Now, let's calculate the pressure exerted on P and Q:
1) Pressure exerted on point P:
The total weight on the plank is the sum of the mass of the plank (40 kg), the 10 kg object, and the 5 kg object:
Total weight = (40 + 10 + 5) * 9.8 = 55 * 9.8 = 539 N.
The pressure exerted on point P would be the total weight divided by the contact area at point P, which is just the length of PX times the width of the plank:
Pressure on P = 539 N / (8 m * width of the plank).
2) Pressure exerted on point Q:
As explained earlier, the total moment about Q is 980 Nm (clockwise).
To maintain equilibrium, the sum of clockwise and anticlockwise moments about Q must be equal. So, the moment about Q due to the weight of the uniform plank is 980 Nm (anticlockwise).
The pressure exerted on point Q would be the total weight (539 N) minus the weight of the uniform plank (40 kg * 9.8) divided by the contact area at point Q, which is just the length of QX times the width of the plank:
Pressure on Q = (539 N - 40 kg * 9.8) / (18 m * width of the plank).

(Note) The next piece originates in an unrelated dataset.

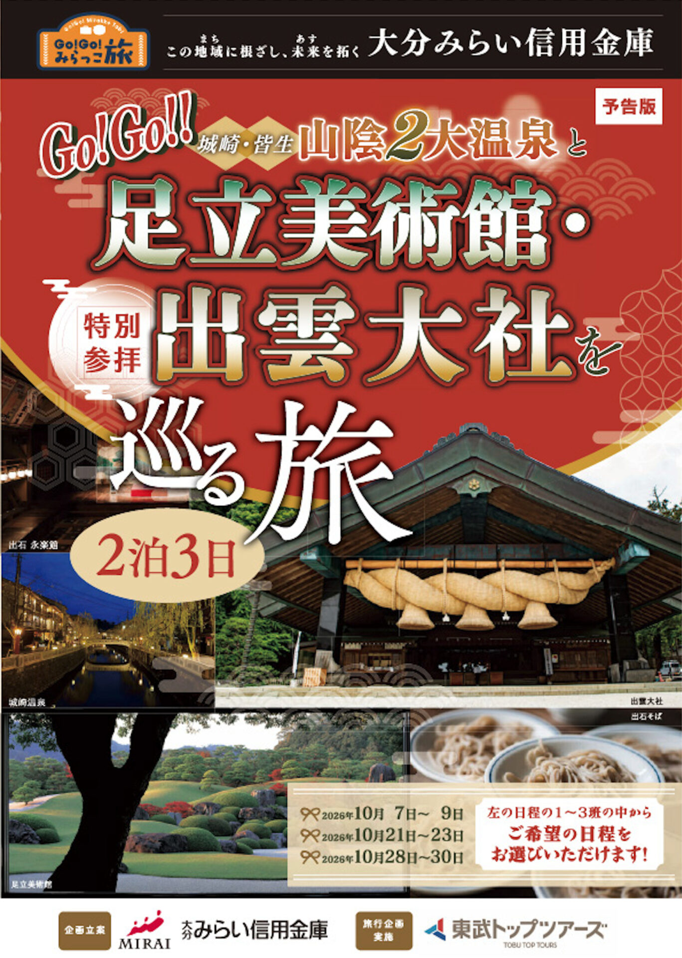 大分みらい信用金庫(理事長森田展弘)は、前回ご好評をいただきました北海道「道東地区」を巡る旅に続き、但馬信用金庫(兵庫県)さま、米子信用金庫(鳥取県)さまのご協力をいただき、「城崎・皆生山陰二大温泉と足立美術館・出雲大社を巡る旅」を企画いたしました。

Note: The width of the plank is not provided in the given information. You would need to know the width to calculate the exact pressures on points P and Q.
To calculate the pressure exerted on support points P and Q, we first need to determine the forces acting at those points.
Let's analyze the forces acting on the plank:
1) Gravity: The weight of the plank itself (40 kg) acts vertically downward at its center of mass. The weight can be calculated using the formula: weight = mass × gravity, where gravity is approximately 9.8 m/s^2.
Weight of the plank (P) = 40 kg × 9.8 m/s^2 = 392 N
2) Forces from the objects: The objects at points M and N exert downward forces on the plank due to their weights. We can calculate these forces using the same formula:
Force at M = 10 kg × 9.8 m/s^2 = 98 N
Force at N = 5 kg × 9.8 m/s^2 = 49 N
Now, let's consider the equilibrium condition:
For a uniform plank in equilibrium, the total clockwise moment must be equal to the total anticlockwise moment.
Clockwise moments:
Moment at P = Force at M × Distance PM = 98 N × 10 m = 980 Nm
Moment at Q = Force at N × Distance QN = 49 N × 6 m = 294 Nm
Anticlockwise moment:
Moment due to the weight of the plank at P = Weight of the plank × Distance PX = 392 N × 8 m = 3136 Nm
Moment due to the weight of the plank at Q = Weight of the plank × Distance QX = 392 N × 18 m = 7056 Nm
To maintain equilibrium, the sum of the clockwise and anticlockwise moments must be equal:
980 Nm + 294 Nm = 3136 Nm + 7056 Nm
1274 Nm = 10192 Nm
Since the above equation is not balanced, there is an error in the question or its data. Please double-check the given information and try again.